* _PROBLEM STATEMENT_: Your job with the data below: print everything from the line that holds "11月27日,2021年世乒" down to the line that holds "Search As You", ends included, exactly, and nothing else.

* _GIVEN INFORMATION_:
-.-.-
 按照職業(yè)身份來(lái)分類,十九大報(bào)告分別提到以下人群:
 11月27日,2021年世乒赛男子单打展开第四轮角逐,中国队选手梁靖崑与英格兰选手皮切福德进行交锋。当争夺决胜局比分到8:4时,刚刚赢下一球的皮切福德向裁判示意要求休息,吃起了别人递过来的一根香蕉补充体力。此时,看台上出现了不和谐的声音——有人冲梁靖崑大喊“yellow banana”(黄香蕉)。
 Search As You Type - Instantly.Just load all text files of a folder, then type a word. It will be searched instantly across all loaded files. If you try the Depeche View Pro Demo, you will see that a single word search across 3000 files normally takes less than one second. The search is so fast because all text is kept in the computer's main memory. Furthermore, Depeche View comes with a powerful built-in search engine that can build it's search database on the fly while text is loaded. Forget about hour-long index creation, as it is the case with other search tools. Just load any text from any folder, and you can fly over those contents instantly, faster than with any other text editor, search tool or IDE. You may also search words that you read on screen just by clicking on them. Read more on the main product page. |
-.-.-
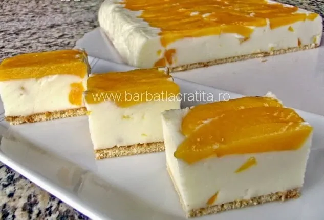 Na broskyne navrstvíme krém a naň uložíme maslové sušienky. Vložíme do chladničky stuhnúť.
-.-.-
* _RESULT FOR THIS EXERCISE_:
 11月27日,2021年世乒赛男子单打展开第四轮角逐,中国队选手梁靖崑与英格兰选手皮切福德进行交锋。当争夺决胜局比分到8:4时,刚刚赢下一球的皮切福德向裁判示意要求休息,吃起了别人递过来的一根香蕉补充体力。此时,看台上出现了不和谐的声音——有人冲梁靖崑大喊“yellow banana”(黄香蕉)。
 Search As You Type - Instantly.Just load all text files of a folder, then type a word. It will be searched instantly across all loaded files. If you try the Depeche View Pro Demo, you will see that a single word search across 3000 files normally takes less than one second. The search is so fast because all text is kept in the computer's main memory. Furthermore, Depeche View comes with a powerful built-in search engine that can build it's search database on the fly while text is loaded. Forget about hour-long index creation, as it is the case with other search tools. Just load any text from any folder, and you can fly over those contents instantly, faster than with any other text editor, search tool or IDE. You may also search words that you read on screen just by clicking on them. Read more on the main product page. |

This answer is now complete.